Introduction

Computed tomography (CT) is considered the reference standard for diagnosis, staging, and monitoring response to therapy of abdominal oncologic disease, owing to its fast execution, high availability, and consistent reproducibility [1]. Oncologic patients need to undergo strict follow-up consisting of multiple CT examinations [2]; in this scenario, it is crucial to minimize radiation dose and cumulative effective dose.

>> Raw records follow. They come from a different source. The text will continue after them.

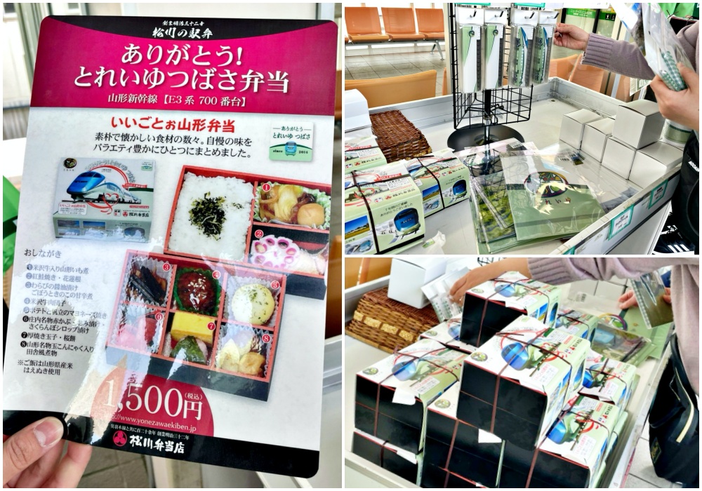 To commemorate their first (and last) ride on the Toreiyu Tsubasa, Jak and Emmie booked the special meal package, which not only came with a two-layer lunch box, but also an assortment of snacks and drinks produced in Yamagata.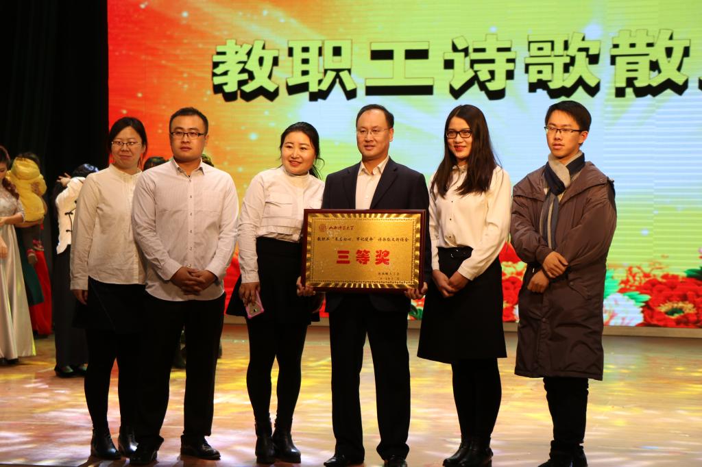2017年12月29日下午,由校工会主办的教职工“不忘初心、牢记使命”诗歌散文朗诵会在文化艺术活动中心正式拉开序幕。公司党委副书记康永和等12名教师代表以极富地理特色的《我的南方和北方》参加了朗诵会并荣获三等奖。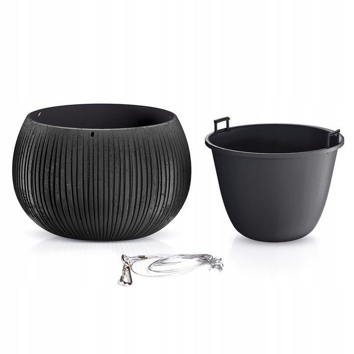 Az ajánlat 3 darabot tartalmaz: díszedény + belső edény + fémlánc, így az egyedi kialakításnak köszönhetően az edény lánccal vagy anélkül is használható , évszaktól, illetve elhelyezni kívánt helytől függően.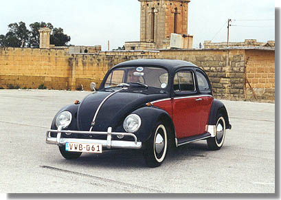 Beetle VWB 061 in its final red and black colour scheme. Here the car is seen at the start of the Millenium Run organised by the Old Motors Club of Malta, days before the start of the year 2000.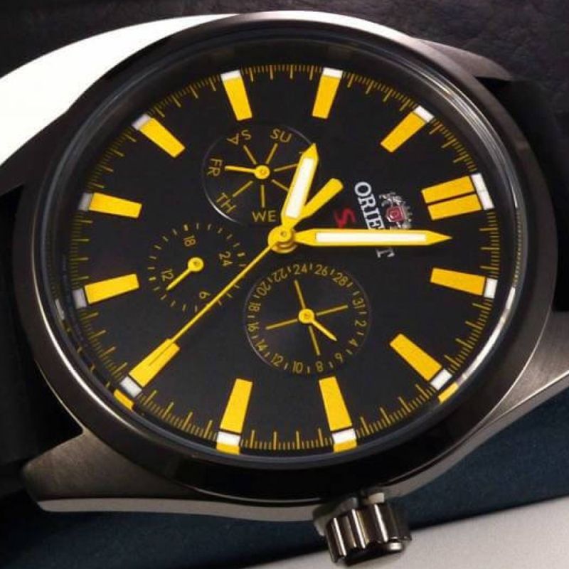 Циферблат: Черен с жълти фосфорисциращи стрелки и индекси
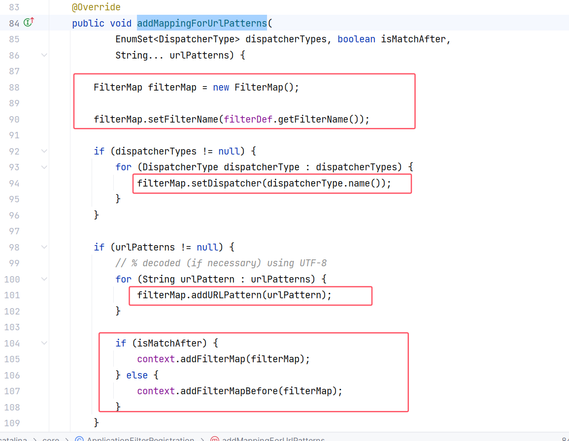 至于上面这两个方法的调用可以在 ApplicationFilterRegistration#addMappingForUrlPatterns 中看到: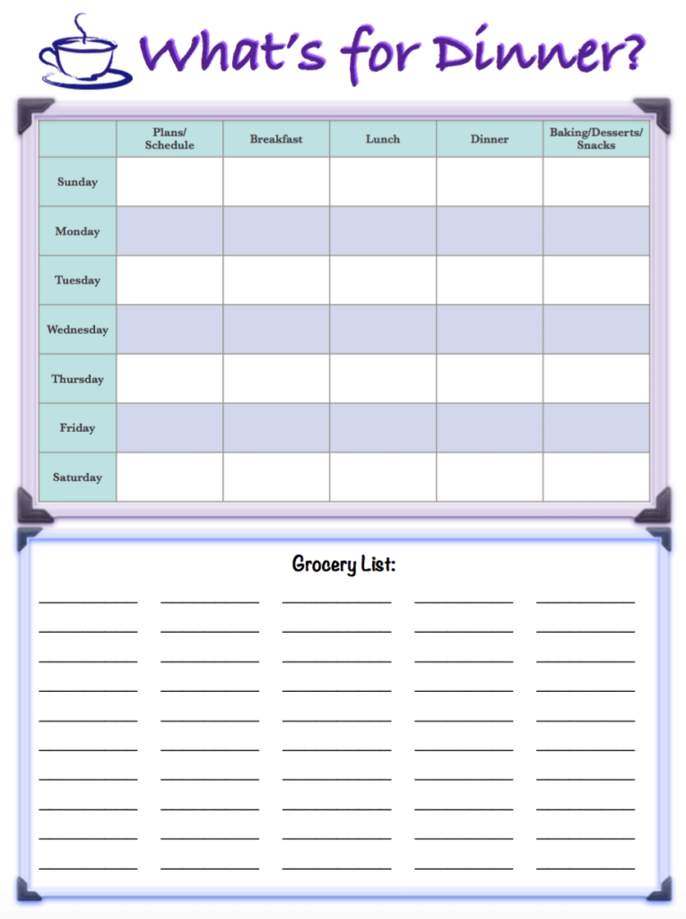~~Update 2017: I’ve learned a LOT designing in the last two years. In fact, if this page wasn’t still getting visits, I would delete these designs entirely. I’ve done some new meal planner & grocery lists, located at: “4 Free Printable Meal Planners/Grocery Lists.” <<click there…it is hyperlinked, despite not showing up underlined.

Filtered back-projection (FBP) has represented the conventional image reconstruction algorithm for over 30 years, owing to its good performances at standard radiation dose levels. However, increased awareness of radiation exposure along with soaring progresses in computational power paved the way for iterative reconstruction algorithms to replace FBP. Although this new technology is effective in reducing image noise and, consequently, in enabling low-dose CT examinations, many radiologists have complained about the “unnatural” and “unfamiliar” appearance of the images in clinical practice [3]. Steady rise in computing power enabled the implementation of deep learning image reconstruction (DLIR) algorithms, based on neural network models [4] and capable of learning from input data; DLIR exploits the capabilities of artificial intelligence to overcome IR limitations and further improve image quality. Preliminary studies [5,6,7] have proved DLIR algorithm effective in improving image quality without producing unnatural images at lower radiation doses in cardiovascular [8] and chest imaging [9] and in detecting abdominal lesions [10]. Recent studies evaluating the differences between DLIR and adaptive statistical iterative reconstruction (ASiR-V) showed that DLIR datasets acquired at low dose displayed improved image noise, signal-to-noise (SNR) ratio, and contrast-to-noise ratio (CNR) compared to iterative images at standard-dose CT, and were favored by most readers [6, 11,12,13,14]. However, to the best of our knowledge, a broad comparison of DLIR and ASiR-V at their respective full set of strength levels has not been reported yet.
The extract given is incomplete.